D’après le rap­port régio­nal de l’ONG chi­lienne indé­pen­dante Lati­no­ba­ro­me­tro 2010, 84% des véné­zué­liens appuient la démo­cra­tie dans leur pays ; c’est l’indice le plus haut de la région.

De plus, depuis 1998, le gou­ver­ne­ment appuie for­te­ment les médias com­mu­nau­taires, sou­tient le déve­lop­pe­ment de l’industrie des pro­duc­teurs indé­pen­dants et l’accès à Inter­net pour tous les véné­zué­liens. Actuel­le­ment, plus de 33% de la popu­la­tion dis­pose d’un accès à Inter­net. Un énorme bond en avant, sachant qu’en 1998, il n’étaient que 3%. Ce qui a valu au Vene­zue­la de rece­voir en jan­vier 2011 un prix de l’UNESCO

Le Vene­zue­la a éga­le­ment fait d’énormes pro­grès dans la lutte contre la pau­vre­té, l’inégalité et l’exclusion sociale. Depuis 1998, la pau­vre­té a dimi­nué de moi­tié et la pau­vre­té extrême a chu­tée de deux tiers. Envi­ron 5 mil­lions de véné­zué­liens sont sor­tis de la pau­vre­té ou de l’indigence, selon des orga­nismes indé­pen­dants comme la CEPAL (ONU).

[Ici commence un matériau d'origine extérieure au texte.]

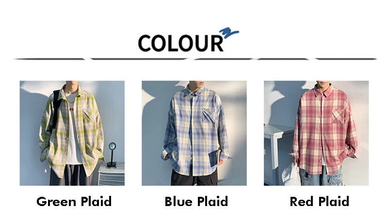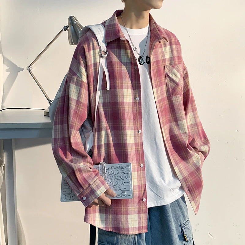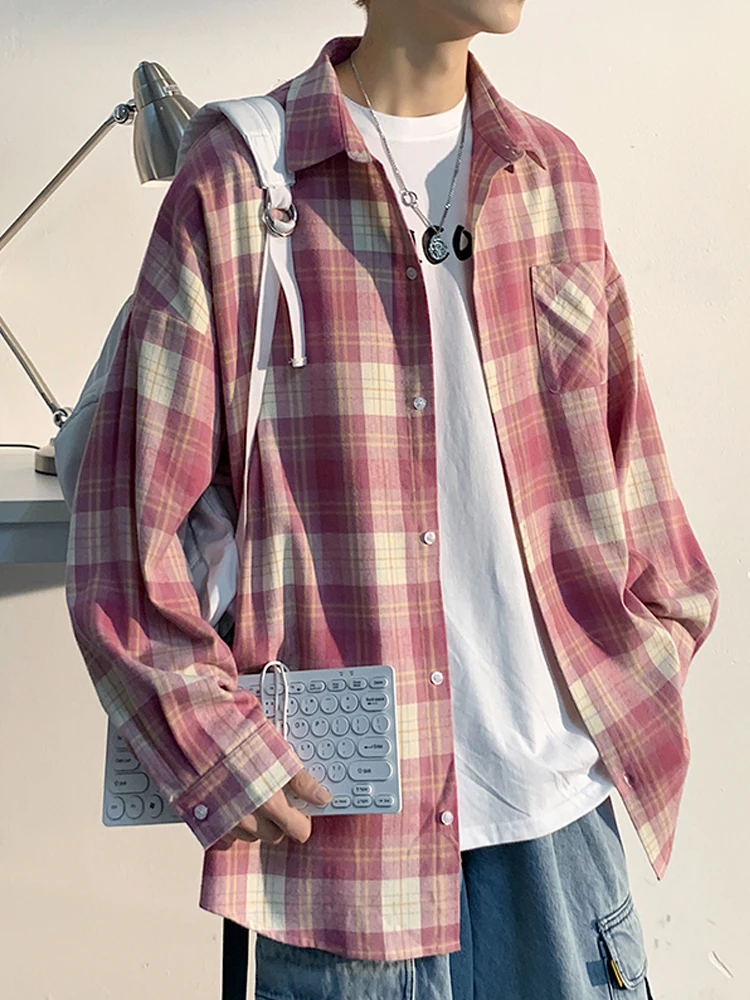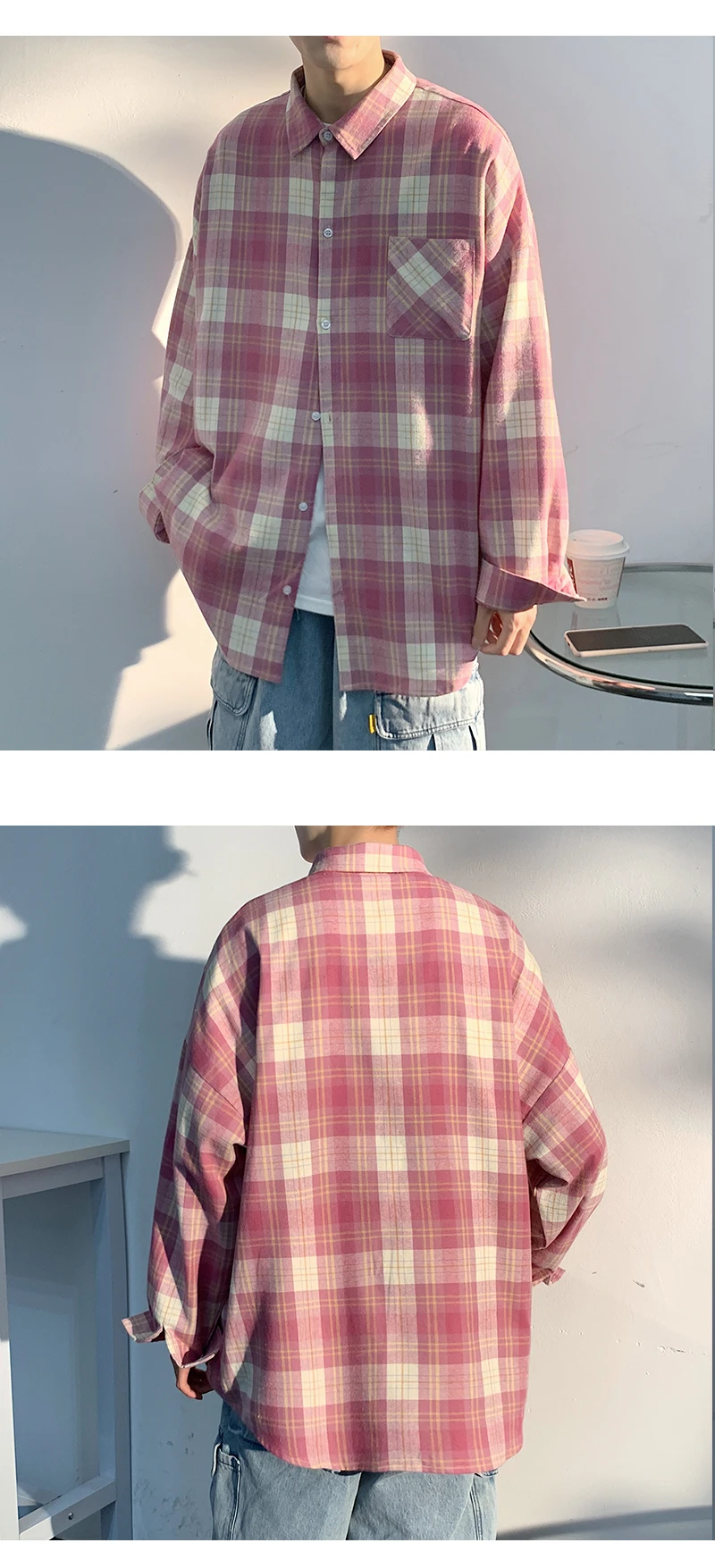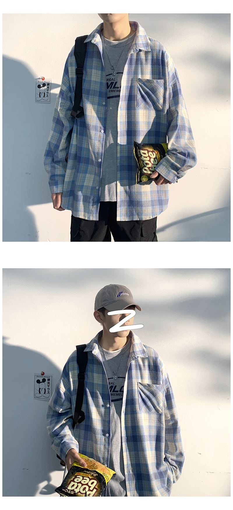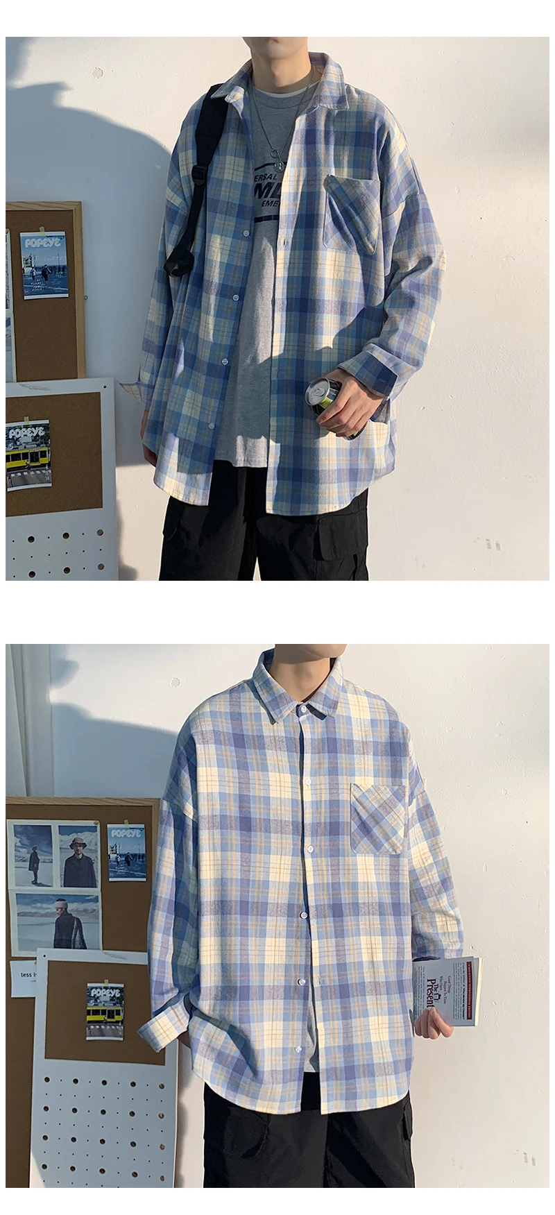 FeatureYouthful Vitality Plaid Shirts Men Streetwear
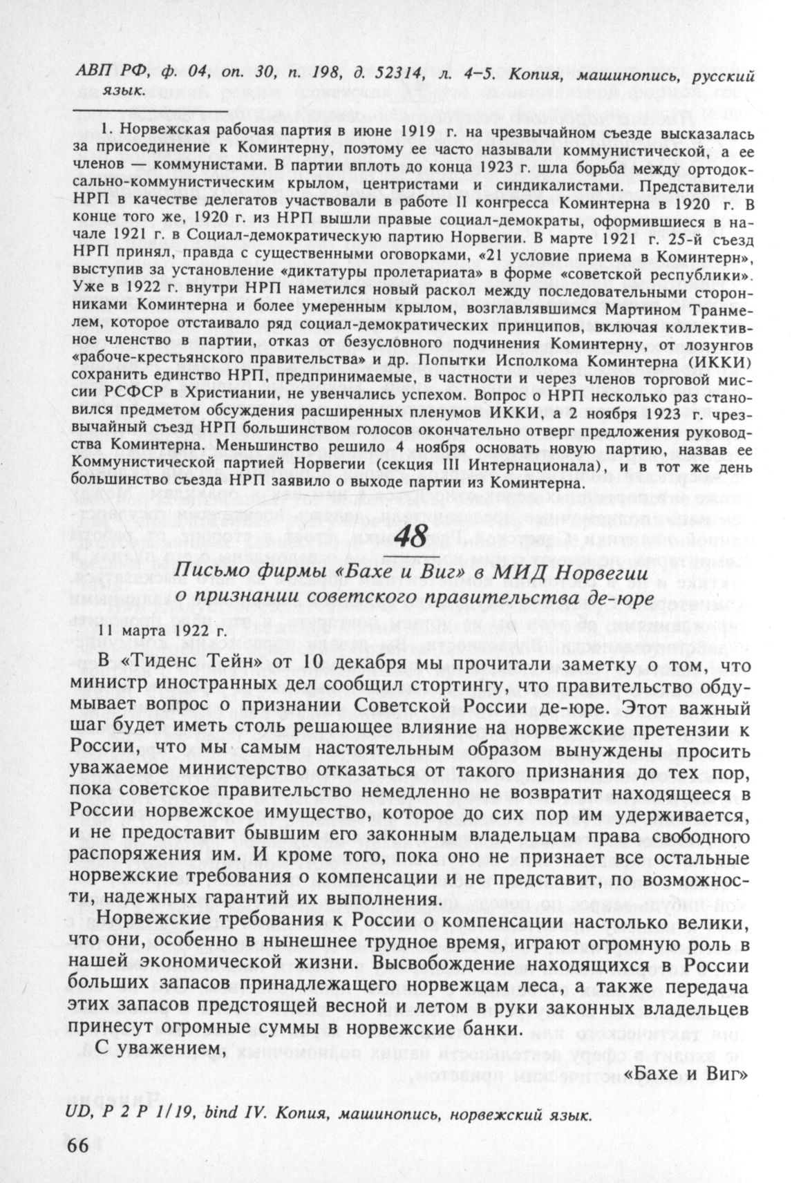 Письмо фирмы «Бахе и Виг» в МИД Норвегии о признании советского правительства де-юре. 11 марта 1922 г. // UD, Р 2 Р 1/19, bind IV. Копия, машинопись, норвежский язык.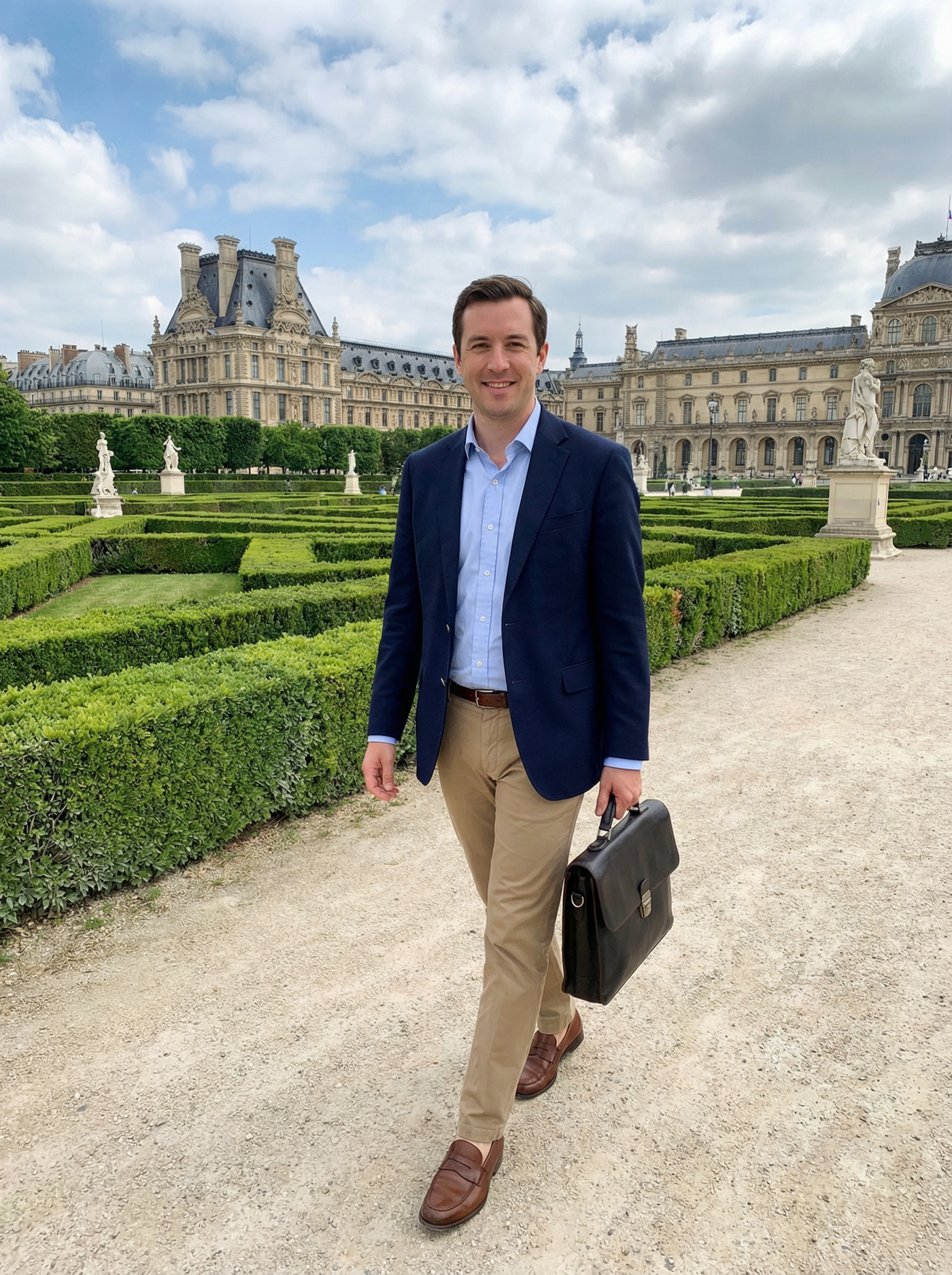 model in business casual shirt, trousers, loafers, briefcase walking through Tuileries Garden, formal French garden design, geometric landscaping, palace views, sophisticated garden stroll, classical French elegance
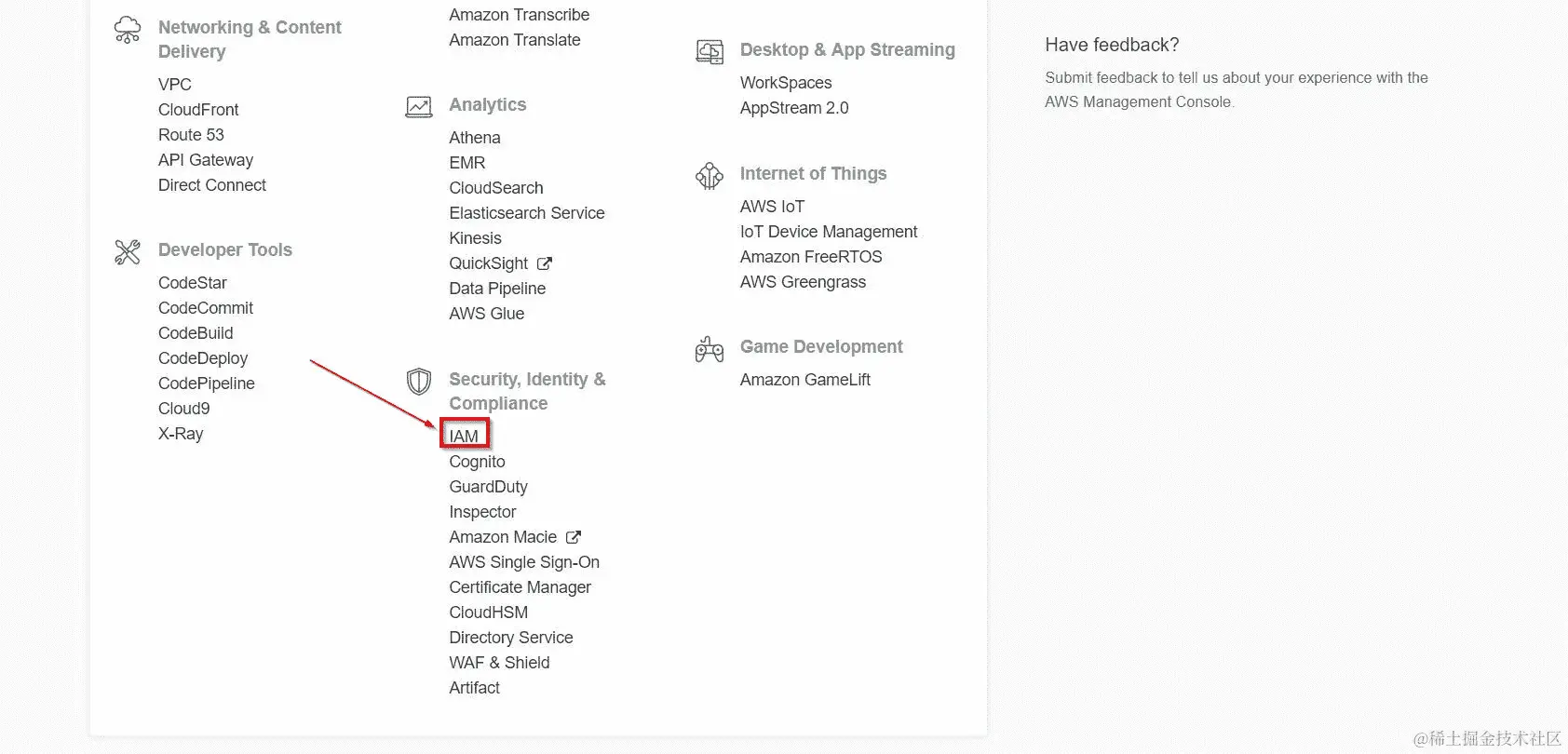 然后我们从“安全,身份和合规性”类别下选择 IAM

Les groupes tra­di­tion­nel­le­ment exclus, comme les femmes, les com­mu­nau­tés indi­gènes ou les groupe afro-des­cen­dants, se sont vus garan­tir leurs droits par la Consti­tu­tion de 1999, aug­men­tant ain­si leur par­ti­ci­pa­tion dans le pro­ces­sus de chan­ge­ment qui se déroule au Vene­zue­la.

A la fin 2010, quatre des cinq pou­voirs publics, comme le Tri­bu­nal Suprême ou l’Assemblée Natio­nale étaient (co-)dirigés par des femmes. Les groupes indi­gènes ont acquis pour la pre­mière fois 3 sièges à l’Assemblée Natio­nale, même s’ils ne sont que quelques pour cent de la popu­la­tion. 42.000 conseils com­mu­naux sont actifs à tra­vers tout le pays pour déci­der, réa­li­ser et sur­veiller les tra­vaux publics requis par les habi­tants, et les lois récentes ren­forcent cet état par­ti­ci­pa­tif, basé sur le pou­voir com­mu­nal. Enfin la réforme agraire (4 mil­lions d’hectares remis aux pay­sans) et le trans­fert des tech­no­lo­gies de par­te­naires du Sud per­mettent d’avancer rapi­de­ment dans la sou­ve­rai­ne­té ali­men­taire et le déve­lop­pe­ment de la pro­duc­tion natio­nale, pour sor­tir de la dépen­dance extrême du pays avant la révo­lu­tion.